Hurricane Relief - Massachusetts Maritime Academy Training Ship Kennedy Deployed
By: Michael J. Rausch
The Massachusetts Maritime Academy’s training ship will be going to New Jersey to assist in recovery efforts there in the aftermath of Hurricane Sandy.
MMA President Rear Admiral Richard G. Gurnon said that the Training Ship Kennedy is expected to leave around 12:30 PM on Sunday and arrive in Elizabeth City, New Jersey, where it will dock, sometime Monday afternoon. The ship and its non-student crew are expected to spend approximately a month serving as a home base for emergency crews and first responders.
“What this really will be is a safe, floating motel for emergency workers,” he said, listing off National Guard troops, telephone linemen, electric company employees, federal emergency management workers, and other government workers as possible guests aboard the ship.
He said that there are not many hotels in the immediate area where the ship is headed that survived the hurricane, and the ones that did are already filled with homeowners who have no place left to go.
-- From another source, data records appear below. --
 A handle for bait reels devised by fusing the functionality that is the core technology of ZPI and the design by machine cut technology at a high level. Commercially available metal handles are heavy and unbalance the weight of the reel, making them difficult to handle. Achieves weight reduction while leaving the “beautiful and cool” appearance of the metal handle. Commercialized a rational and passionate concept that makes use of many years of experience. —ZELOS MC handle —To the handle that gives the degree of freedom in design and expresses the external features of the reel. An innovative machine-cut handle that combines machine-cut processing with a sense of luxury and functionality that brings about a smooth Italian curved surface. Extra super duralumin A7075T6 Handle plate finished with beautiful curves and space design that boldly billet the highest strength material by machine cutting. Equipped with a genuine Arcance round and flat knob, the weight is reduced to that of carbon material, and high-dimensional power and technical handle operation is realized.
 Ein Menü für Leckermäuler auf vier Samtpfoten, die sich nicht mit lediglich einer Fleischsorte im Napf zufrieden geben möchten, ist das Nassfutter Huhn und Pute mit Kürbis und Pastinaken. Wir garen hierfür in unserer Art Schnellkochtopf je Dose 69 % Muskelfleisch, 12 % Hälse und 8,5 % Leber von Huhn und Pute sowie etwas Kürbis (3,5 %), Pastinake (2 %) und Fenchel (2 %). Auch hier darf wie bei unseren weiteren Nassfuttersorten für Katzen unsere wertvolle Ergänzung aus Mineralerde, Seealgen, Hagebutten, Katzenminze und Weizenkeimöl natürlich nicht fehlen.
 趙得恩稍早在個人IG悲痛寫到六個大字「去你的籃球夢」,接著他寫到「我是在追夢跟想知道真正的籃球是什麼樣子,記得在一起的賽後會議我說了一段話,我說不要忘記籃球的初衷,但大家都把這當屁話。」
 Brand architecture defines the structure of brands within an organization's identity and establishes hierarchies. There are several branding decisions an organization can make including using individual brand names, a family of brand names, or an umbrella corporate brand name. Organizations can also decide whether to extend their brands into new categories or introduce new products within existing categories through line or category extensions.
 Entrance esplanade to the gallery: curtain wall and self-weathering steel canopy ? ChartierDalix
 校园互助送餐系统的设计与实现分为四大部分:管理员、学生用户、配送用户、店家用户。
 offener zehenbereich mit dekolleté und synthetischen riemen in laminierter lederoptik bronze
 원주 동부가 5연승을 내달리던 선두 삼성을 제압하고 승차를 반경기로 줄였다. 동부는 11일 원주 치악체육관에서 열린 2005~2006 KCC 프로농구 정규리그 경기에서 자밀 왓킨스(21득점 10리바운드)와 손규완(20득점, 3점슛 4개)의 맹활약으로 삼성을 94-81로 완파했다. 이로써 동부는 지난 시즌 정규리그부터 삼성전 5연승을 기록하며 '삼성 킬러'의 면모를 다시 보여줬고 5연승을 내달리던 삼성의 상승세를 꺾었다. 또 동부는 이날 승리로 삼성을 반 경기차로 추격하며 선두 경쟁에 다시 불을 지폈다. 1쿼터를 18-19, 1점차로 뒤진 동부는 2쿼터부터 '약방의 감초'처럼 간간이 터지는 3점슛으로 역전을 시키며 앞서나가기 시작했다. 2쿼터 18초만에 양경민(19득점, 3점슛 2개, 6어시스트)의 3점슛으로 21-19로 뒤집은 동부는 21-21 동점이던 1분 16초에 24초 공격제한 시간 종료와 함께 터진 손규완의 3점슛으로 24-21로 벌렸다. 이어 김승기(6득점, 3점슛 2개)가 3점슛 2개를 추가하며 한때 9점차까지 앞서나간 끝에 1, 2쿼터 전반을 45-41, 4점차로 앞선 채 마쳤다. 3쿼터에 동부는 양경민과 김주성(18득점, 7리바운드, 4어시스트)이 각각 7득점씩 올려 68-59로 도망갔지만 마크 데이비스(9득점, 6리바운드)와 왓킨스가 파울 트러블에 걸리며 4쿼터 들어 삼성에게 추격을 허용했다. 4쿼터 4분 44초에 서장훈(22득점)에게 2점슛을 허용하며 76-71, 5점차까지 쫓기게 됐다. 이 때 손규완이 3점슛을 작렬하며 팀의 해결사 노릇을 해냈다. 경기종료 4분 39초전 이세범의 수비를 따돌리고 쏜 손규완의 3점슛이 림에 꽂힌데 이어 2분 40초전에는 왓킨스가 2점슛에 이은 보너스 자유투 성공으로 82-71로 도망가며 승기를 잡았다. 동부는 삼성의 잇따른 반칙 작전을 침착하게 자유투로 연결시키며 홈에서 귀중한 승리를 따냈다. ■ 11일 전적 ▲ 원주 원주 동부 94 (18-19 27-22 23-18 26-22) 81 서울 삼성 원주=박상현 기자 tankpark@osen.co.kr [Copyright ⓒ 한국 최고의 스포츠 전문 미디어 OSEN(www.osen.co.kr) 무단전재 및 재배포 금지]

“So it becomes a safe place to put workers for an extended period of time with heat, hot showers and hot food, conveniently located to the emergency,” he said.
The admiral said that he was contacted by the Joint Chiefs of Staff at the Pentagon at 5:30 yesterday morning, asking when MMA could get the Kennedy to the area. He said that he told the Pentagon that the ship does not actually belong to MMA, that it belongs to the Maritime Administration and they needed to contact them. The Maritime Administration called at 9 AM and told the admiral to start getting the ship ready.
The engineering staff at MMA immediately began to heat up the ship’s fuel, which the admiral said is “very thick, very viscous crude oil.” He said that normally it takes three days for the fuel to reach the point where it can properly burn and power the ship, but because of the need to get going, they are accelerating the process to just two days.
The ship sleeps 720 people, with 600 in bunks and 120 in state rooms, the admiral said. He noted that the accommodations onboard are “not luxurious” and “very Spartan.”
“But it’s better than a tent, it’s better than a sleeping bag,” the admiral said.
The admiral said that the academy’s cadets will spend Saturday loading the ship with provisions, such as frozen goods, canned goods, perishables and non-perishables, so that when the ship arrives “we’ll be up and ready to go.” He said the exact amount of food that will be loaded onto the ship had not been determined, but he expected it to be “about a dozen trailer trucks full.”
The Kennedy will only be home to emergency responders and will not take on any victims of the hurricane that has devastated the New York and New Jersey coastline.
“This isn’t a hospital ship,” he said, mentioning that the Kennedy does have basic life support capabilities. He said that the area is home to many world class hospitals that were not affected by the hurricane, “so we’re not anticipating any medical relief.”
The ship will leave with approximately 35 crew members. About a dozen academy staff will make the trip, including Chief Mate Robert mi Ford and Chief Engineer William mi Laffan. The admiral said there is not enough academy staff to operate the ship on their own, so the federal government will hire people to fill out the ship’s crew.
“They’re either retired mariners who live in the area, or they’re retired mariners who know the ship well enough they’ll drop what they’re doing and come and help,” he said.
The admiral said that no MMA cadets will be making the trip. He said that while the trip could be valuable experience for students if emergency management “were the only course that they were taking.”
“They’re also taking physics and calculus and chemistry and other things that don’t do well with a whole month’s absence,” he said, noting that if it were summer or semester break, the situation might be different.
“I have students volunteering to go, but their academics have to come first,” he said.
The admiral said that this is the first time the TS Kennedy will have assisted in emergency endeavors. He said that the Kennedy was contacted about helping in relief efforts when an earthquake hit Haiti in January 2010. The ship was three weeks into its annual Sea Term and off the coast of Florida when the call came in.
Responding to the call would have required going back to Florida, offloading the students, and flying them back home.
“It would have aborted the entire Sea Term,” the admiral said, further explaining that it also would have jeopardized graduation for some seniors. He said that the decision was made to instead send several Navy ships.
Admiral Gurnon pointed out that the TS Empire State, which operates out of the State University of New York Maritime College in the Bronx, has also been pressed into service for hurricane relief. The Empire State, a freighter that has been converted into a training ship, was used as a “floating hotel” during Hurricane Katrina, the admiral said.